[Stored records]
BEGIN
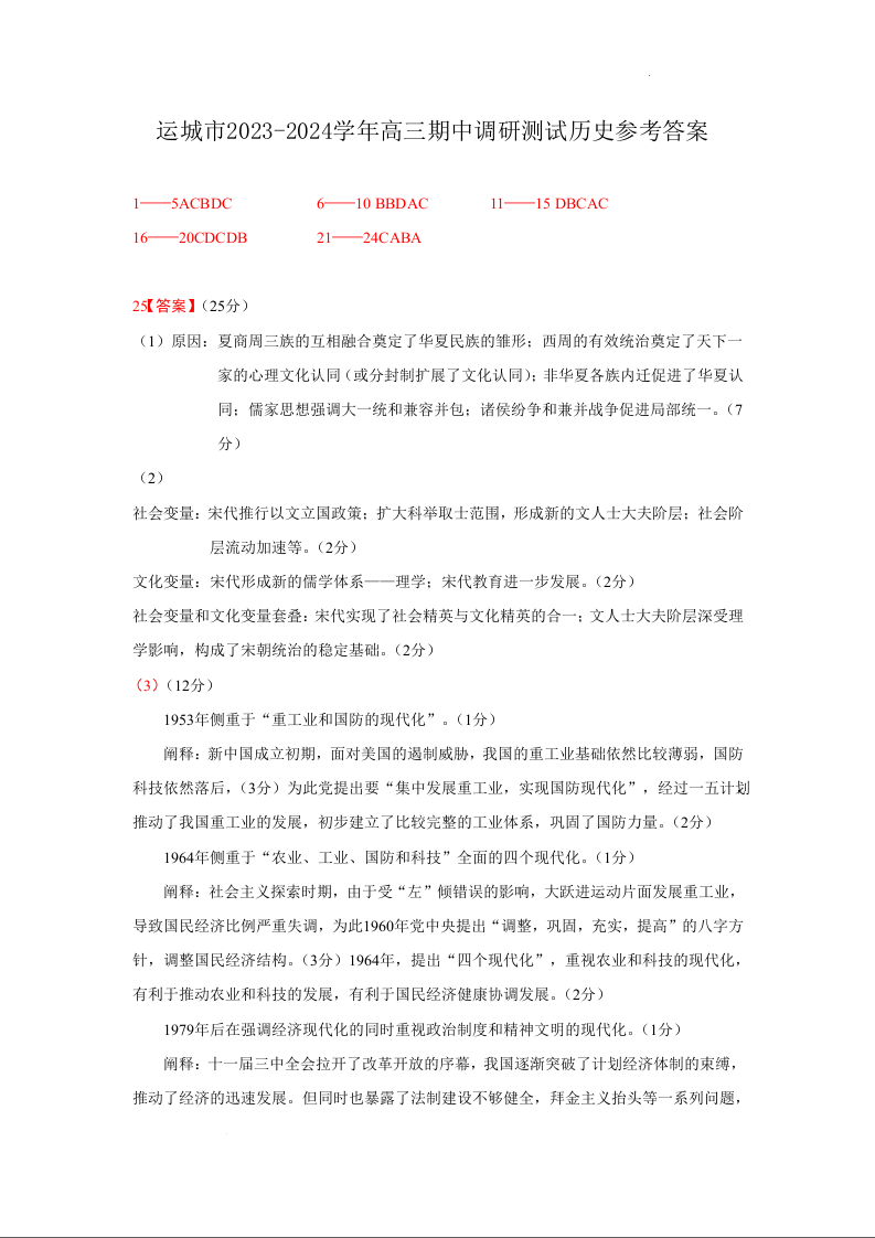 山西省运城市2024届高三上学期11月期中考试历史答案
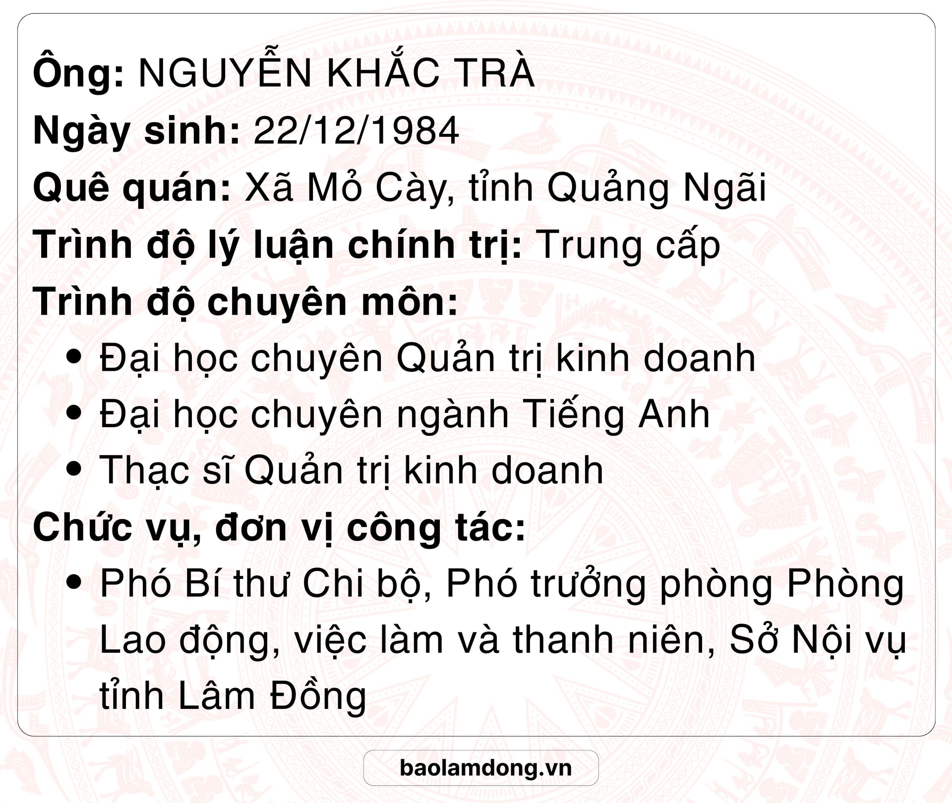 Chức vụ, đơn vị công tác: Phó trưởng phòng, Phòng Lao động, việc làm và Thanh niên, Sở Nội vụ tỉnh Lâm Đồng.
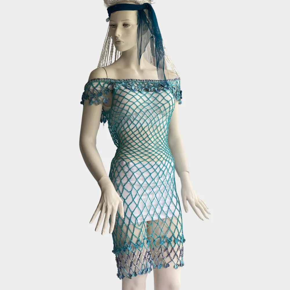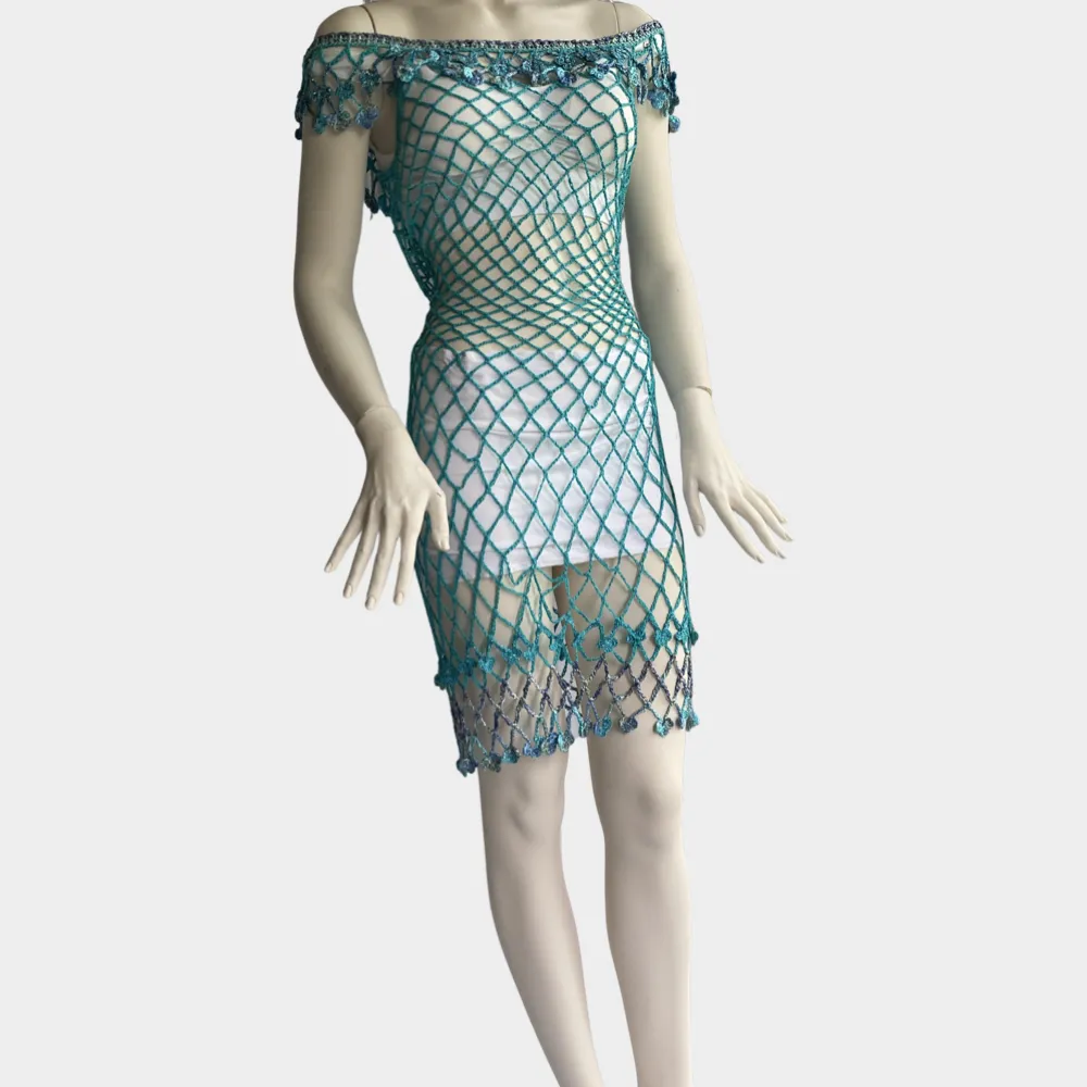 Večernja koktel haljina, unikat, heklana, pogodna i kao kupaći kostim, vlastita kreacija,
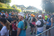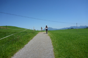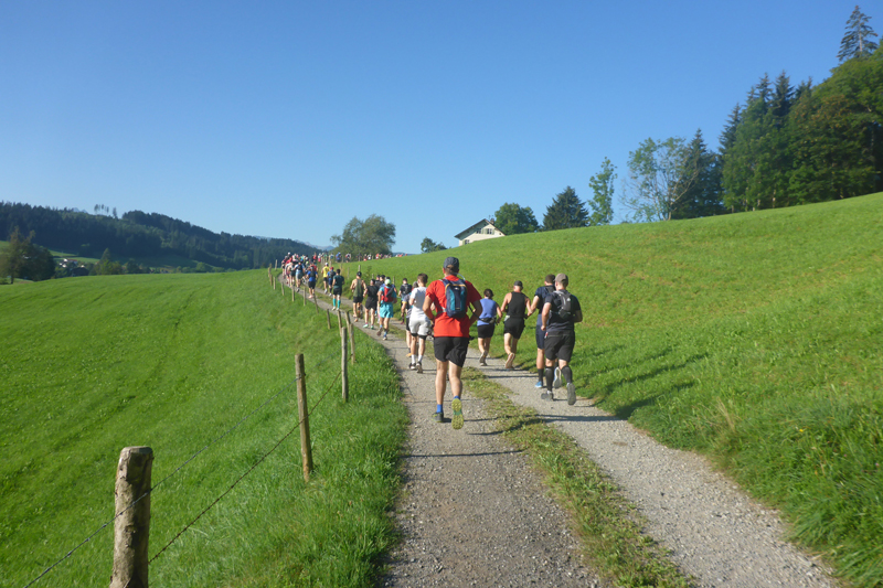 Für die Teilnehmer beim Marathon beginnt ab hier praktisch auch der zweite Teil unseres Parcours. Nachdem der erste Abschnitt die meisten Aufstiegsmeter und auch viele Wechsel auf unterschiedlichem Terrain, davon auch diverse Trails beinhaltete, ist die zweite Hälfte doch deutlich einfacher und führt fast überwiegend nur noch über Asphalt und Schotterwege. Wegen dieser unterschiedlichen Bodenbeläge taucht in den Sozialen Medien oft auch die Frage auf, kann der Marathon auch mit Straßenschuhen gelaufen werden? Ich würde sagen, bei einem Wetter wie heute und ohne größere Regenfälle im Vorfeld, in jedem Fall. Sobald aber Regen vorhergesagt ist, oder die Strecke eh schon durchgeweicht ist, sollte man unbedingt Trailschuhe mit ausreichend Profil wählen.
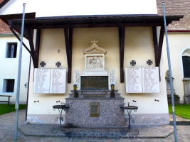 Marmorsockel und tabernakelartigen Aufsatz mit metallener Namenstafel von 1. Weltkrieg und flankiert von
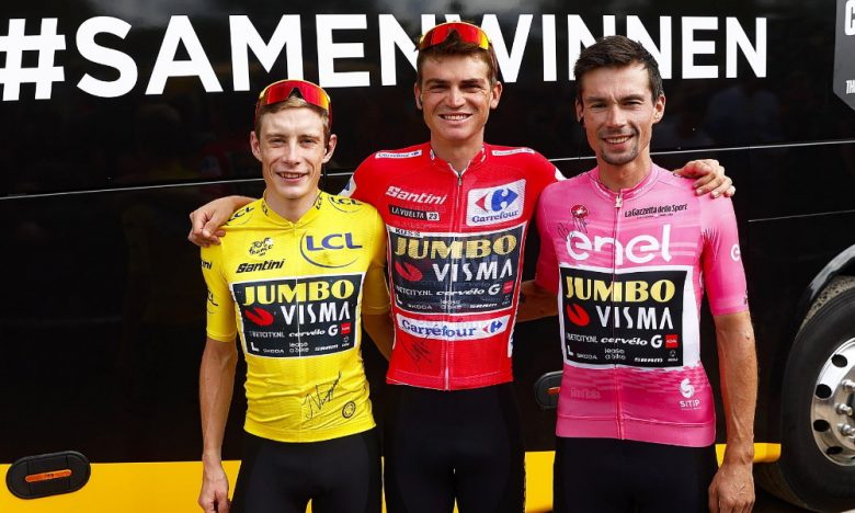 Route - BilanComment décrire la saison 2023 de la Jumbo-Visma ? Énorme, incroyable, phénoménale, monumentale, fantastique… Bref, les adjectifs nous manquent pour évoquer cette année qui restera sans nul doute encrée dans les mémoires. Avec ses victoires sur les trois Grands Tours et qui plus est avec trois coureurs différents (Primoz Roglic sur le Giro, Jonas Vingegaard sur le Tour de France et Sepp Kuss sur La Vuelta, ndlr), la formation néerlandaise a réalisé ce qu’aucune autre avait fait auparavant. Retour sur une année historique, qui a marqué le monde du vélo.
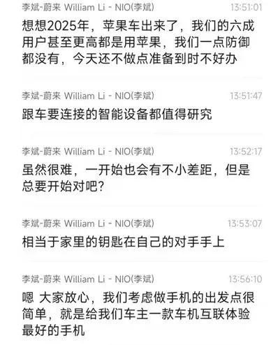 蔚来创始人李斌表示,蔚来造手机仍处于调研阶段。蔚来用户反馈,能否有一部和汽车能够更好进行连接的手机,促使蔚来研究这个行业。此外他还认为,苹果造车会带来冲击,小米等其他新进入者不是直接竞争对手。(新浪科技)
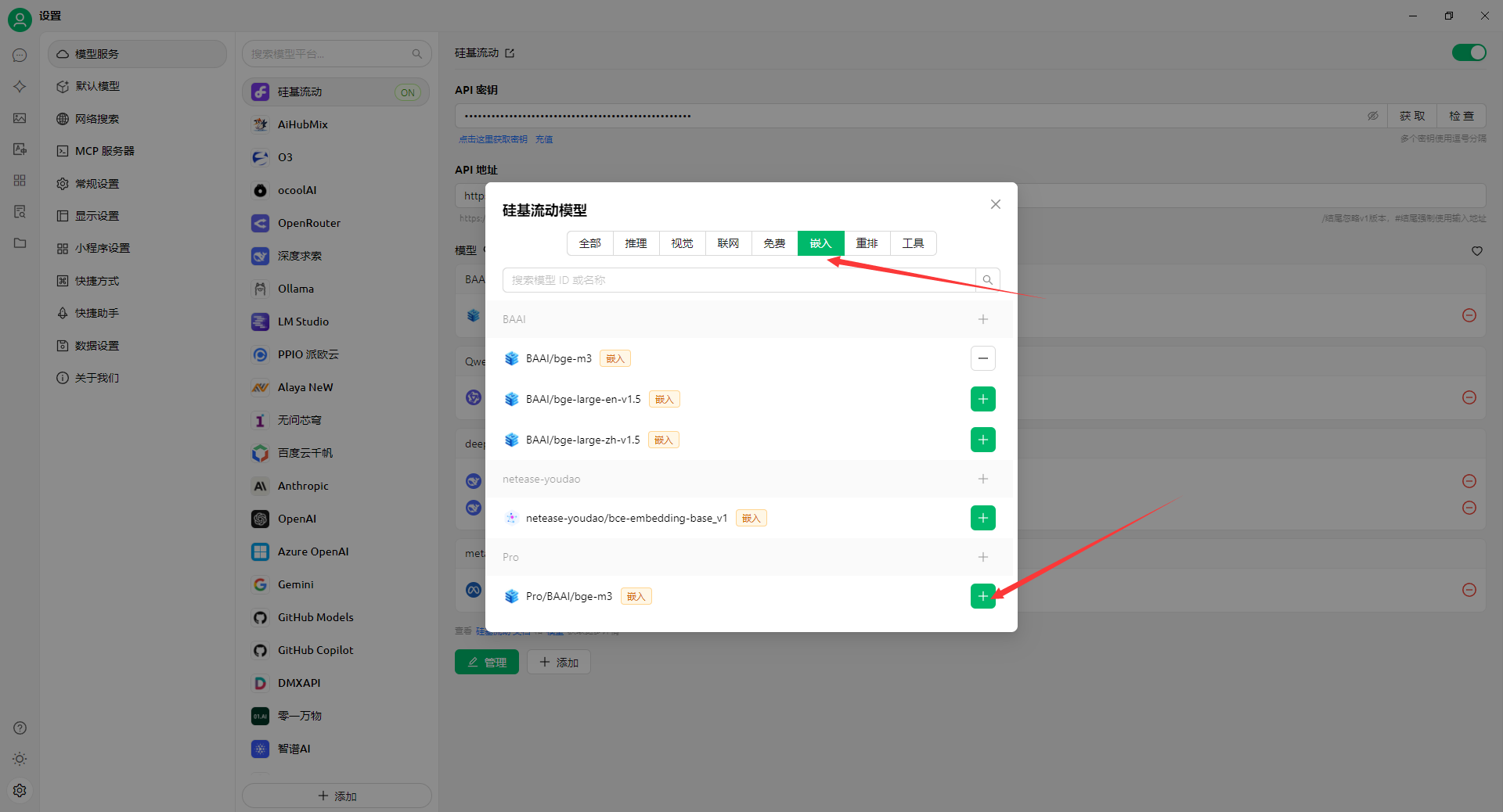 4、 点击上方的嵌入式,选择Pro/BAAI/bge-m3
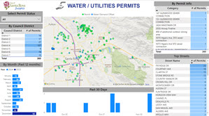 WATER UTILITY PERMITS This dashboard provides information and a map view of Water / Utilities Permits opened throughout the City over the past 12 months. You may filter down on specific statuses or by permit information to focus only on those permits. You may also click to filter by Council Districts, by month, or by streets with the most activity. You may also hover your mouse over a specific point on the map to see a pop up containing more information.
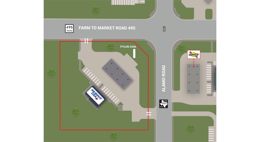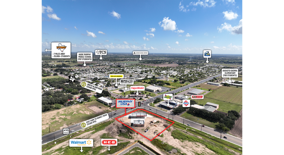- Signalized Hard Corner Location at FM 495 & Alamo Road, Just North of IH-2/US-83 (80,000+VPD)
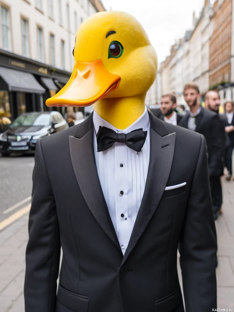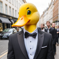 a duck mask. The duck mask covers the man's face, with its characteristic bill and
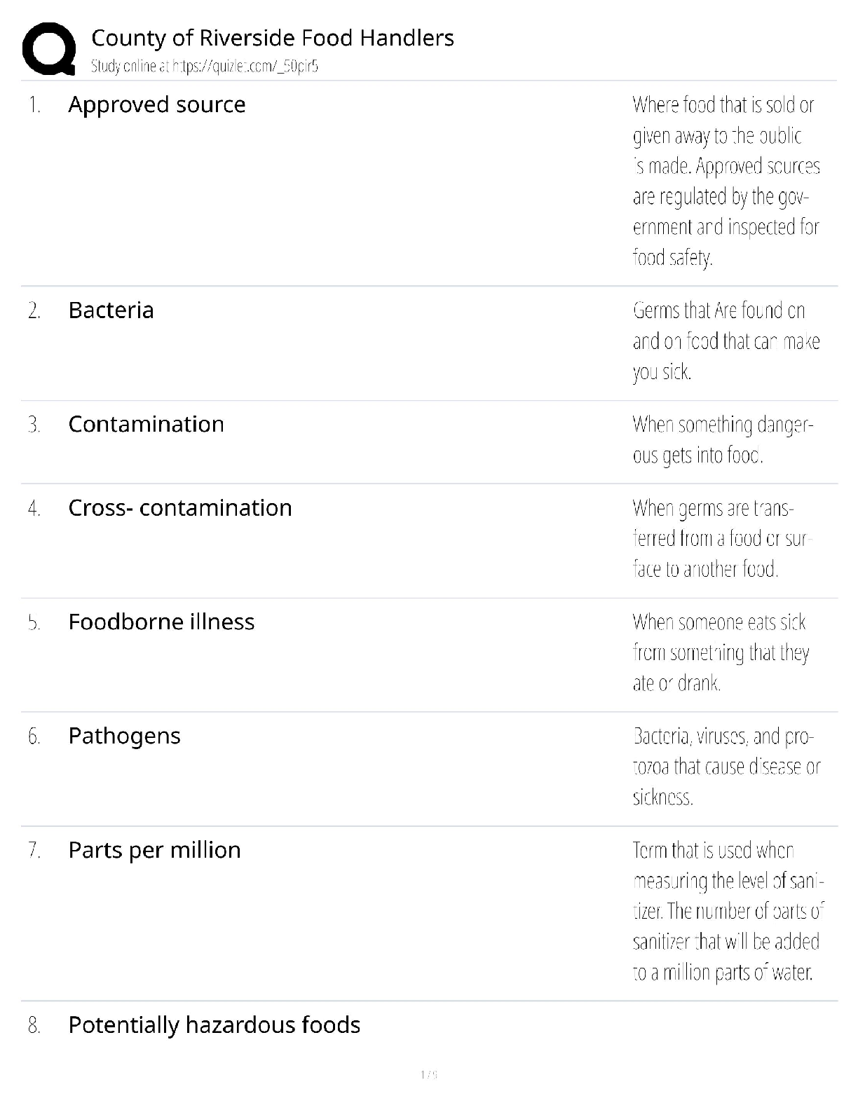 ServSafe Food Safety Training Program (SERVSAFE) > QUESTIONS & ANSWERS > Riverside County Food Handlers Card / California Food Safety Exam / 2026 Update / Practice Test & Answers (All)
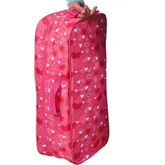 This Doll Travel Case Suitcase Storage Carrier Bag is the perfect case to store your American Girl Doll or any 18 inch doll. This is one of the must have accessories while on the go! Doll Travel Case Suitcase features: - Inside the case there are hook-and-loop-tape straps to keep the doll safe and in place. - The inside of the case also has 2 elasticized mesh pockets to hold small items. - It has a top carry handle and a side carry handle for easy carrying when on the go. - For better quality it has a double zipper closure. - In front of the case there is a name tag pocket. Sturdy and well constructed, it's the ideal Doll Carry Case.
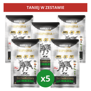 ZESTAW: Karma dla kotów EUPHORIA Gluten Free Cat STERILISED & URINARY Indyk & Jagnięcina 5x400 g
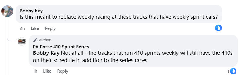The series also noted that it will not replace weekly racing at tracks that run 410 Sprint cars weekly, “The tracks that run 410 sprints weekly will still have the 410s on their schedule in addition to the series races.”
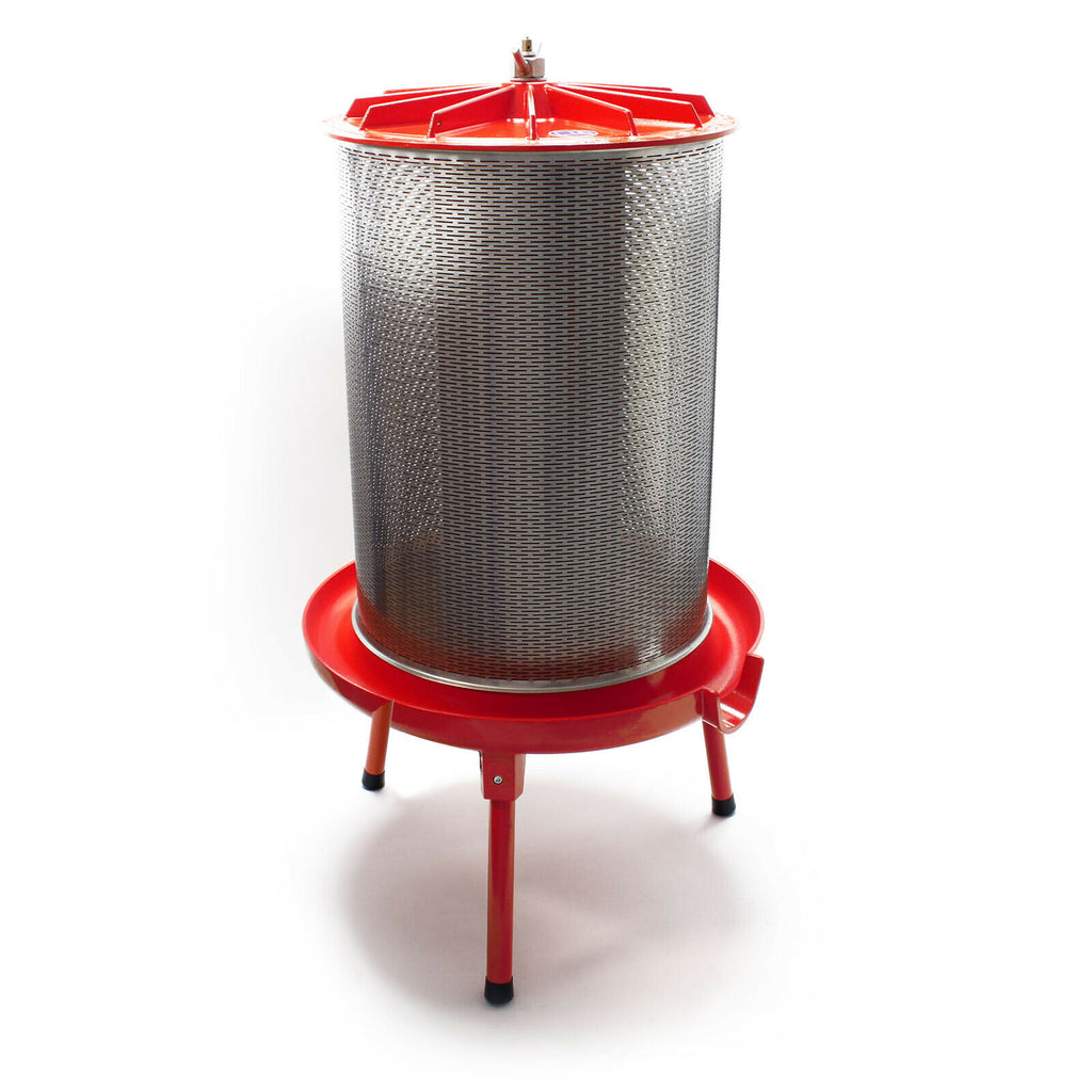 Sous l’effet de la forte pression, vous obtiendrez une récolte de jus très importante, même si la cage du pressoir n’est qu’à moitié remplie.
END
Description of the task: The output is the lines from the start of the data above through the line containing "Večernja koktel haljina, unikat, heklana, pogodna", unchanged, with any picture left out.

Result of the exercise:
 山西省运城市2024届高三上学期11月期中考试历史答案
 Chức vụ, đơn vị công tác: Phó trưởng phòng, Phòng Lao động, việc làm và Thanh niên, Sở Nội vụ tỉnh Lâm Đồng.
 Večernja koktel haljina, unikat, heklana, pogodna i kao kupaći kostim, vlastita kreacija,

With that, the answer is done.